■ WHAT NEEDS TO BE DONE ■
Verbatim copy, pictures excluded: every line from the one with "Stojak na worek" through the final line of the data below, and no other line.

■ DATA SUPPLIED ■
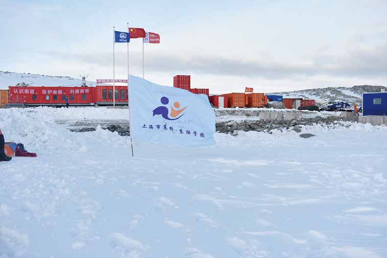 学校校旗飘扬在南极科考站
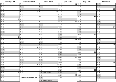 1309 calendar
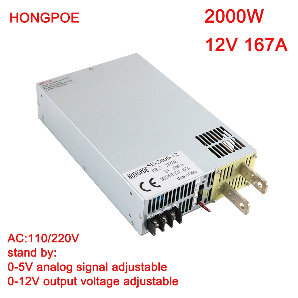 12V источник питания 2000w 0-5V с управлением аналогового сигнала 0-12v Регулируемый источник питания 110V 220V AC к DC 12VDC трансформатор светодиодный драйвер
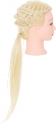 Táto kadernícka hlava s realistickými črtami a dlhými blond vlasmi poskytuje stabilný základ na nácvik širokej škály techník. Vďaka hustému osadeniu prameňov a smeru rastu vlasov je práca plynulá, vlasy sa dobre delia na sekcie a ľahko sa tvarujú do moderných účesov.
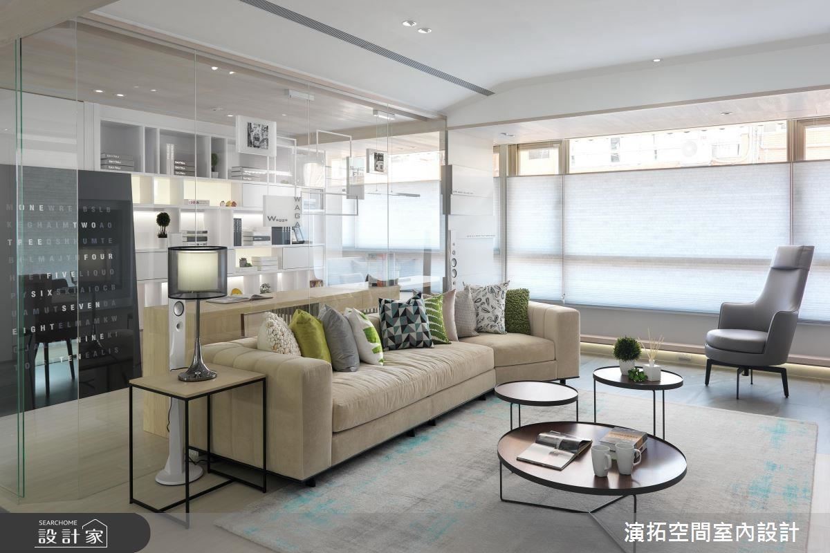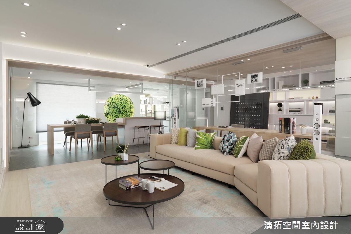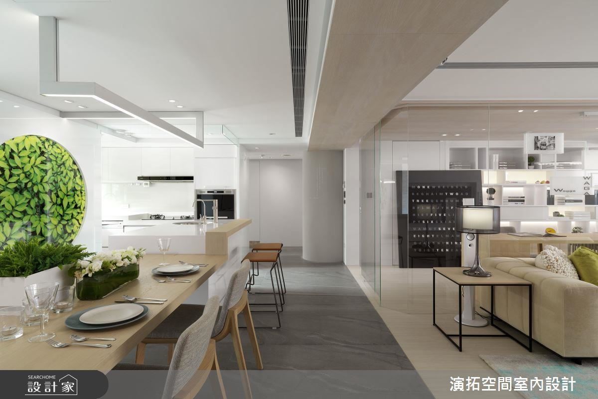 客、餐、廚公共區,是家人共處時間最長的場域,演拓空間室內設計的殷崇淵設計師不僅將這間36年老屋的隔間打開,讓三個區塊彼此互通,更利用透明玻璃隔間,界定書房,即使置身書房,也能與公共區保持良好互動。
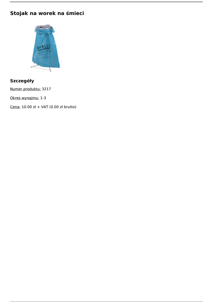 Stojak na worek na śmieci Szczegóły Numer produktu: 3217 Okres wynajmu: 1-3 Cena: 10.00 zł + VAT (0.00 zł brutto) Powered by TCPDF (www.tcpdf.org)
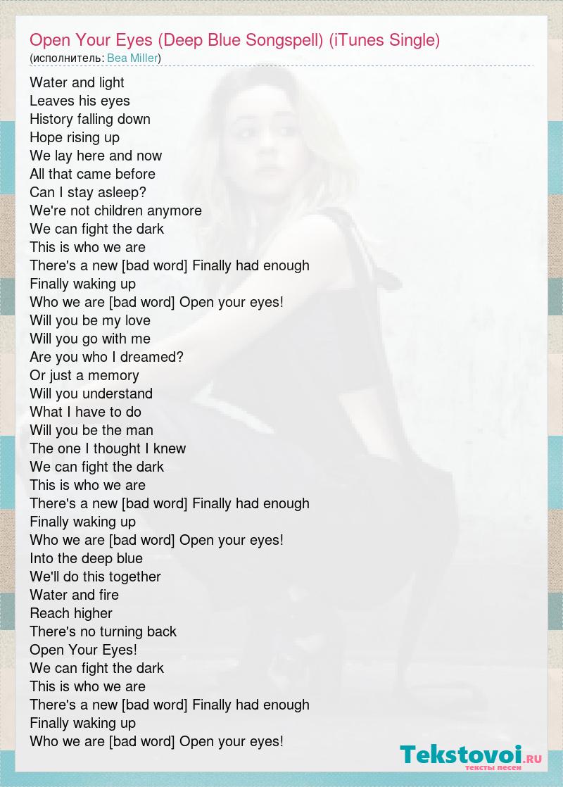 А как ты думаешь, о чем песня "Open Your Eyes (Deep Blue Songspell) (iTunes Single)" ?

■ EXERCISE RESPONSE ■
 Stojak na worek na śmieci Szczegóły Numer produktu: 3217 Okres wynajmu: 1-3 Cena: 10.00 zł + VAT (0.00 zł brutto) Powered by TCPDF (www.tcpdf.org)
 А как ты думаешь, о чем песня "Open Your Eyes (Deep Blue Songspell) (iTunes Single)" ?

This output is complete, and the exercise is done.